#### Aim of the exercise:
Only the lines from the one bearing "If instant-hijab was" through the end of the entries should be output, exactly as they stand, and pictures should be skipped.

___ Dataset records

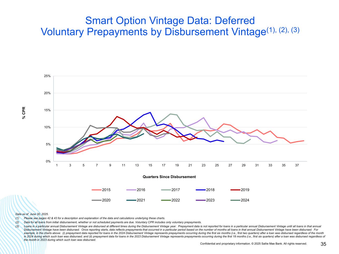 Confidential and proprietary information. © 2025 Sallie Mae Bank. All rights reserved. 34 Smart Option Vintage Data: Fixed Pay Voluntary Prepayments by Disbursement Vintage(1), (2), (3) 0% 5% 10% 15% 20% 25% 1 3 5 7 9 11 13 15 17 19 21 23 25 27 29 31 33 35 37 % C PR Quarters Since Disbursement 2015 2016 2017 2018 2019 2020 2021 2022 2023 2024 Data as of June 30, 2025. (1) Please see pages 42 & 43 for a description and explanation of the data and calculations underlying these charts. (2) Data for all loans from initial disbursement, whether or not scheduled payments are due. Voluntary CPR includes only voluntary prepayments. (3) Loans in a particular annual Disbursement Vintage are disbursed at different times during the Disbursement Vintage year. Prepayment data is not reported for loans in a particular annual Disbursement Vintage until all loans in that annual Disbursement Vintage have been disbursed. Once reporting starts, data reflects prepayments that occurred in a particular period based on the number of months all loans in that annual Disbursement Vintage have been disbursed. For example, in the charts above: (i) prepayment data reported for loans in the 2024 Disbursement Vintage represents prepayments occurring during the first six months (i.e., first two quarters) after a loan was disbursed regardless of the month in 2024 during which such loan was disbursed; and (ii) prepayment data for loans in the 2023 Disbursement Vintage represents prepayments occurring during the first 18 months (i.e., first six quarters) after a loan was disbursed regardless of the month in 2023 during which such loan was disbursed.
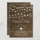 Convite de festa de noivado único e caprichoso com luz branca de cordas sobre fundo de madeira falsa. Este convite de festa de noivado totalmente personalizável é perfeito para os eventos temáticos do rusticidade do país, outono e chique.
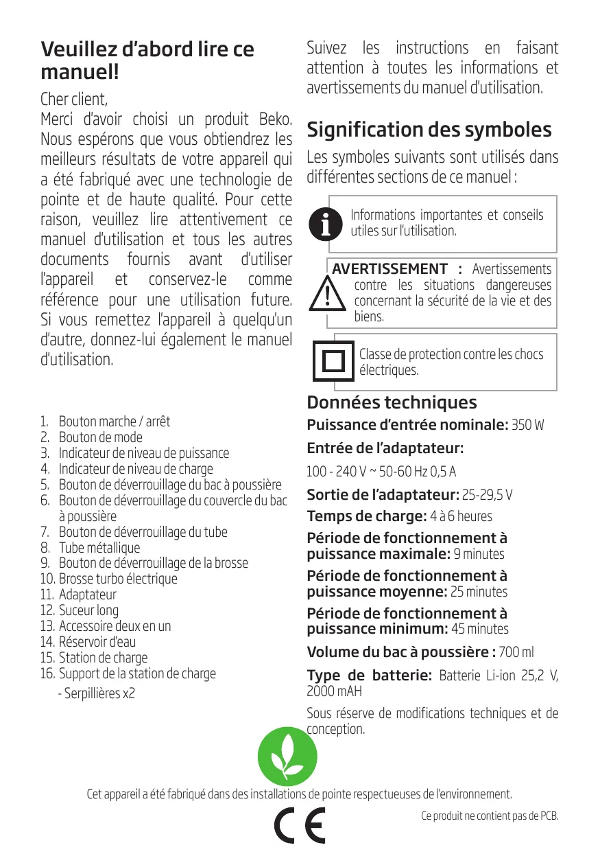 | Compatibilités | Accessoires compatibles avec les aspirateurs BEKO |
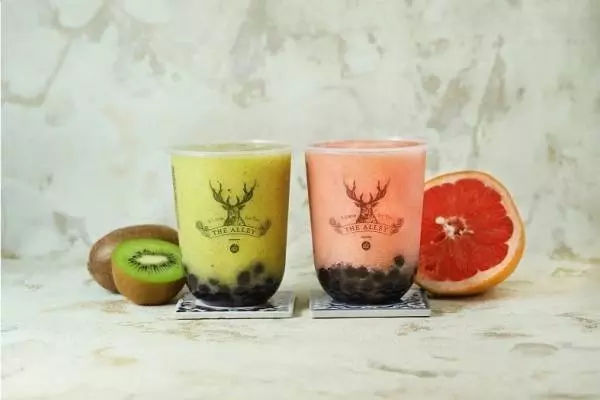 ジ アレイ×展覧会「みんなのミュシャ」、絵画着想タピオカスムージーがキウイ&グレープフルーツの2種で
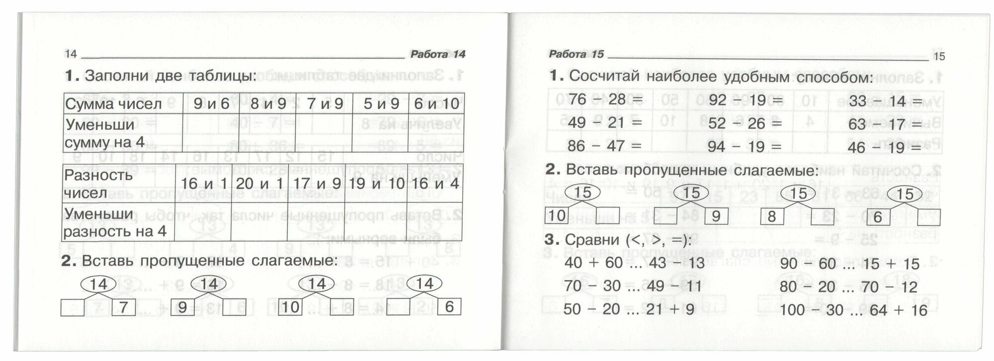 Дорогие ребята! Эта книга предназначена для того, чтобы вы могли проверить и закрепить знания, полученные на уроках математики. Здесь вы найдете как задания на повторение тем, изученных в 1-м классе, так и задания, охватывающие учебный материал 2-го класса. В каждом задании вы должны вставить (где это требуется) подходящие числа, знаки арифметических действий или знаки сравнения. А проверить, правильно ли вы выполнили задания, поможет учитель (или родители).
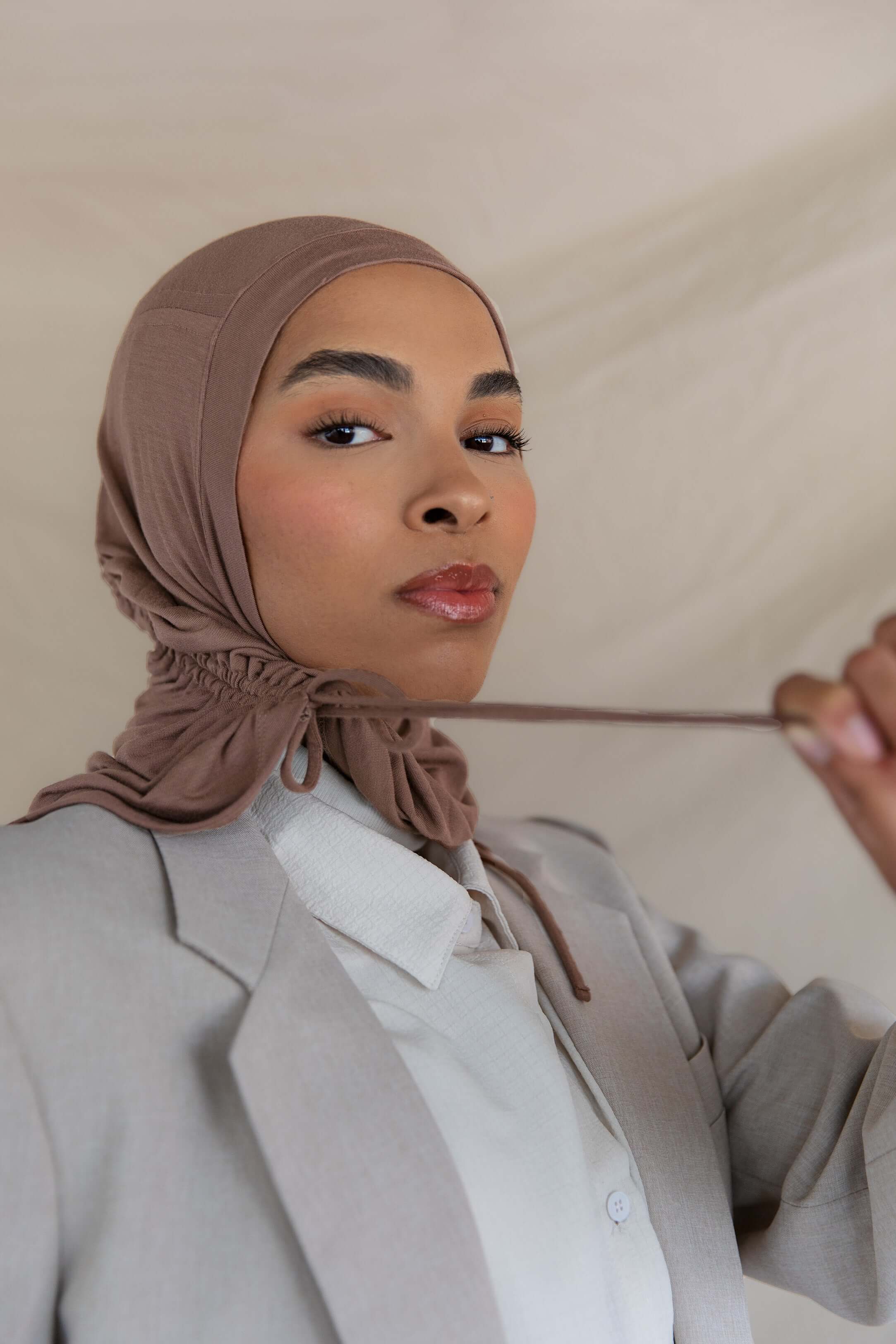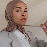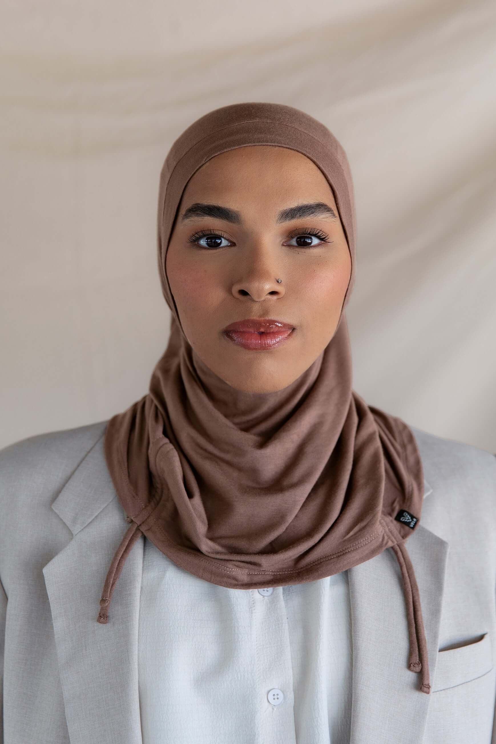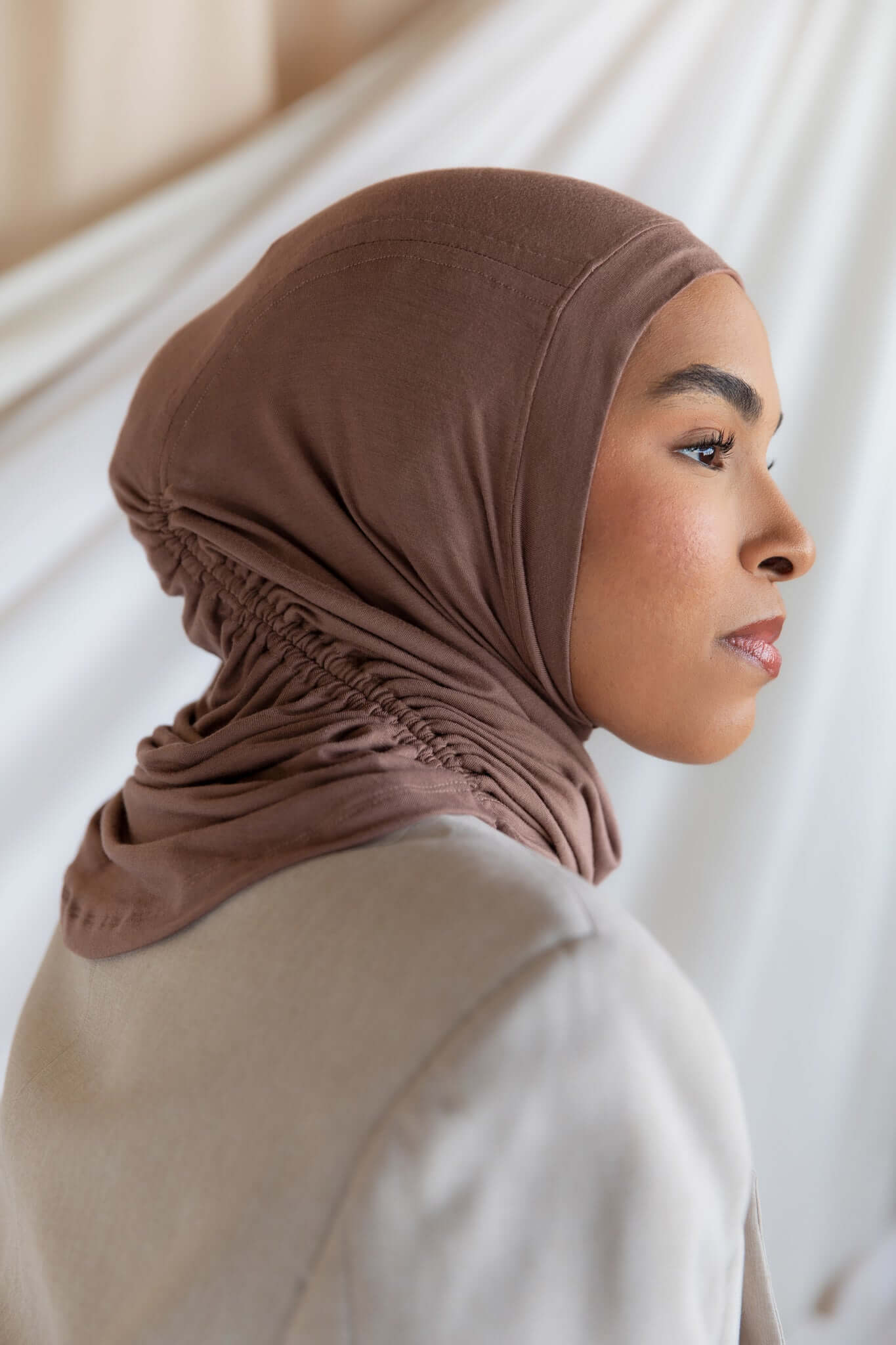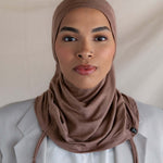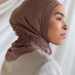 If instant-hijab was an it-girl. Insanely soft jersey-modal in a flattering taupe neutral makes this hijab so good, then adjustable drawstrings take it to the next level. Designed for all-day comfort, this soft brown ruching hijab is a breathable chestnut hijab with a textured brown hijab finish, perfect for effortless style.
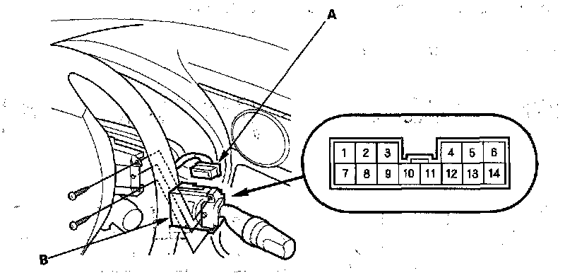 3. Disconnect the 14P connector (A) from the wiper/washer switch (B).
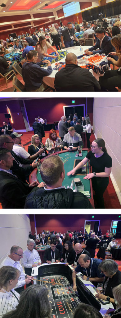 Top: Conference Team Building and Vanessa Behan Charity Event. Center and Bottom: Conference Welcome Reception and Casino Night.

______

#### Exercise response:
 If instant-hijab was an it-girl. Insanely soft jersey-modal in a flattering taupe neutral makes this hijab so good, then adjustable drawstrings take it to the next level. Designed for all-day comfort, this soft brown ruching hijab is a breathable chestnut hijab with a textured brown hijab finish, perfect for effortless style.
 3. Disconnect the 14P connector (A) from the wiper/washer switch (B).
 Top: Conference Team Building and Vanessa Behan Charity Event. Center and Bottom: Conference Welcome Reception and Casino Night.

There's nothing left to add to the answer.